No, my brother did. Also I ate your hamburger. Sorry. |
We spent the weekend in Mansfield with my father (et al.) and it was a nice, quiet, meat-eating couple of days. The girls showed Dan how much they loved him by relieving him of much of his ice cream burden.
Nothing is too good for their Daddy! |
I also wanted to show Dan how much I loved him, so I told him to pick any "category of food" for dinner and he said "French toast" and I said "fine, I'll decide then." (Don't worry, I made him French toast for breakfast, I AM NOT A MONSTER.) I tried to figure out what was the manliest cookbook left on the list, but I couldn't find another Phillip Morris Manstruction Manual. Seriously, there WAS another, chili-based one, but I can't find it. Ivy was messing with it and then it fully disappeared, so I assume she figured out what the deal was and threw it away for me.

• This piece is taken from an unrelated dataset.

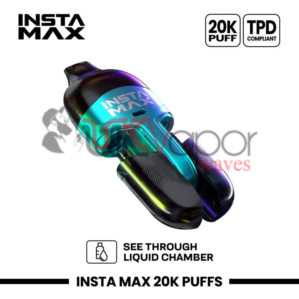 The Insta Max 20000 Puffs delivers up to 20,000 puffs with a rechargeable 550mAh battery and USB Type-C charging. It features two 10ml e-liquid pods and smooth vapour from its mesh coils. Switching flavours is easy—just double-click the button.

I'm so proud of you, honey. |
So it seemed like the next best thing would be Cookbook #67: The Food Lover's Guide to Meat and Potatoes (Sharon Tyler Herbst, 1996). Provenance: Mom. Previous recipes on this blog: none. Number of vegetable dishes I should eat going forward this week: several.
I went with Spiced-Twice Potato Hash, which is a weird name that I think indicates the presence of both sweet and Russet potatoes, because I only "spiced" it once. Confusing. But delicious, as almost all hash is as far as I know.
You can tell I wasn't feeling too hot yesterday, because what kind of person serves hash without an egg on top of it? MAYBE I AM A MONSTER AFTER ALL. |
Verdict: I wasn't wild about the selection of recipes, but the one I did try was solid, so who knows? I'm basically never going to get rid of any book that discusses potatoes at length.
Right now this is what's happening with my child's head in the mornings.
Ignore the weird lighting and focus on the open defiance of physics. |
Oh, I'm not asking for advice or anything. I think we've got it covered.